Violence at Incheon
Last Sunday, disagreements about the statue of General Douglas MacArthur, in the city of Incheon reached physical violence. More than twenty people were hurt when demonstrators tried to reach the statue, ostensibly to remove or damage it, but were halted by thousands of riot police.
MacArthur was the U.N. commander in chief who, at Incheon, commanded a counter offensive attack on North Korea on September 15, 1950; which is understood to have been a move that (temporarily) defeated the North during the Korean War.
The statue has been chosen by various groups as a symbolic point; a gathering place; to call for the removal of U.S. forces from Korea. These groups consider the presence of U.S. troops as an occupation. Some of them also put forward the idea that Korea would have been better off, united under the Stalinist North.
The events have sparked off passionate debates in the media and government.
However, last Sunday, September 11th, things got violent at the statue. The day was chosen - in very poor taste - to coincide with the memorial of the attacks on New York and Washington. Some 4000 demonstrators were faced off by 4000 riot police, who protected the statue and prevented the demonstrators from reaching it.

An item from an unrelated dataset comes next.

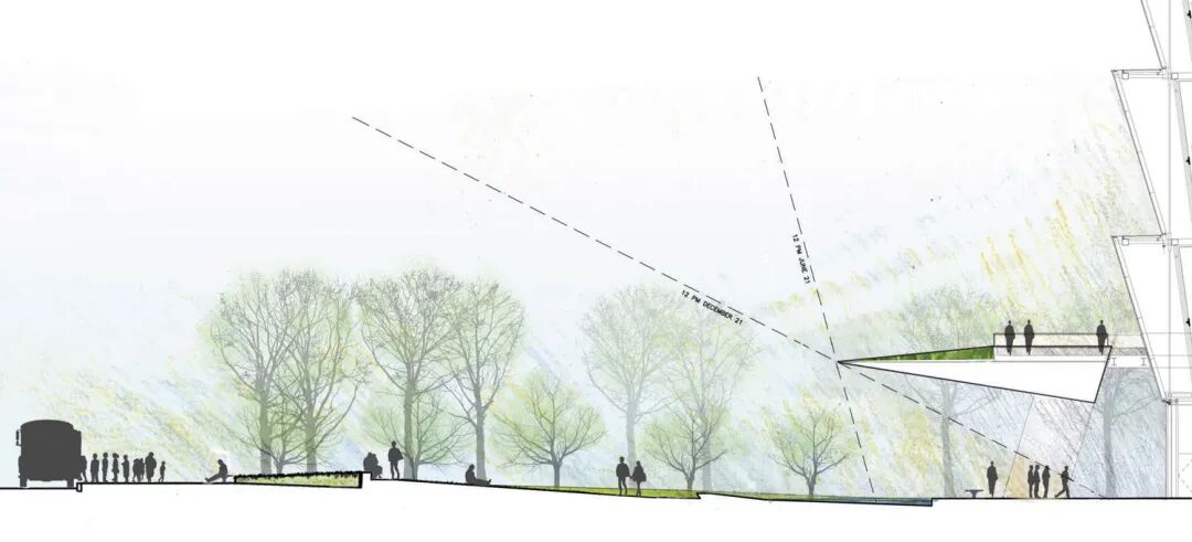 该设计通过博物馆遗址绘制了华盛顿纪念碑场地的开放性与田园性,与周围的环境(包括相邻的华盛顿纪念馆和白宫)建立了重要联系。

The violence was not planned, as some members of the representative groups pulled up nearby bamboo support posts from the park and used these to attack the riot police. Stones were also thrown, by both sides (reportedly). Unfortunately, some web references and images of the day have since been removed from South Korean news sites.
It is true that the South is occupied by U.S. forces, for their own strategic, global interests. Likewise, the South’s free market economy is a far cry from a democratic and fair system. However, the nature and method of these groups’ actions are backward and reactionary. They put forward retrograde notions of nationalism, as well as a callous disrespect for the ordinary people who died and were injured in the September 11 tragedy.
By attacking statues and riot police, they only increase misunderstanding; feed into the hands of the right-wing press, and ultimately distract attention from the real issues that ordinary people are faced with in South Korea, and indeed the world.
Only by forming a world-wide, international movement of ordinary working people, with their interests at centre place, can the injustices and imbalances experienced by all ordinary people be properly addressed.